We are currently undertaking what we believe to be the largest longitudinal study of new-start contraceptive users and their sexual experiences. Findings show great promise in terms of establishing that contraception can improve many women’s sex lives. The project involves over 3,500 family planning clients who started an FDA-approved, reversible contraceptive method of their choice at the beginning of the study. We’ve tracked a number of sexual outcomes over time—for example, people’s sexual functioning, sexual satisfaction, and overall rating of their sex life. While a sizable proportion report no contraception-related changes to their sex lives, almost half (48%) reported that their new method had made their sex life better in the first month of use; 19% reported it had made their sex life worse. Those reporting sexual detractions were most likely to have experienced increased bleeding and physical side effects (headaches, breast tenderness, bloating). People reporting sexual improvements were more likely to have experienced decreased vaginal bleeding and minimal side effects.

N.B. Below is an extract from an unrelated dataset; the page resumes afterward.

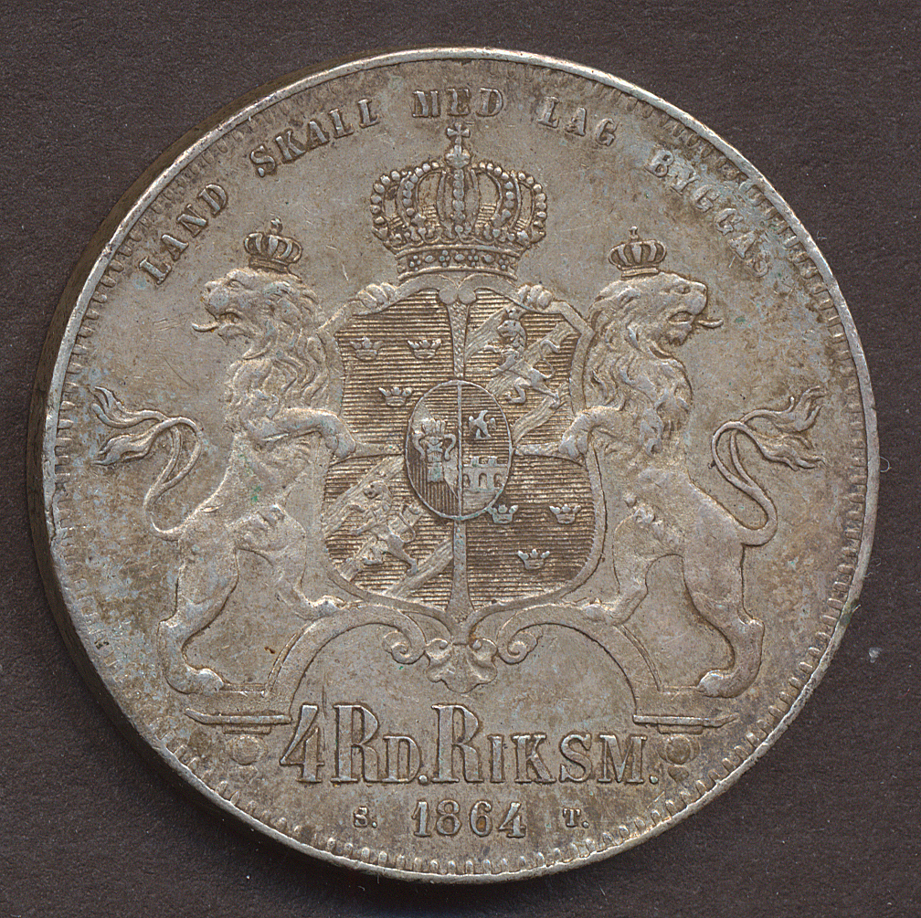 Karl XV. 4 riksdaler riksmynt 1864. SM 17. MIS 5. 1+)(1/1+.

Perceived sexual effects were similar across methods, but compared to oral contraceptive users, patients initiating IUDs and implants were slightly more likely to report positive effects than those using oral contraceptives. That said, I want to underscore that a variety of methods may meet people’s sexual needs. Contraception is an under-appreciated part of women’s sexuality during the reproductive years, when women may spend decades engaging in penis-in-vagina sex but don’t want to be pregnant. As such, contraceptive researchers and product developers should consider sexual satisfaction when designing new methods.

* In this blogpost, I focus on people who identify as women and who could also get pregnant (that is, cisgender women), particularly since most cultures disdain women’s sexuality far more than men’s. However, we greatly need more research and programs focused on the contraceptive needs of transgender and gender-nonconforming individuals.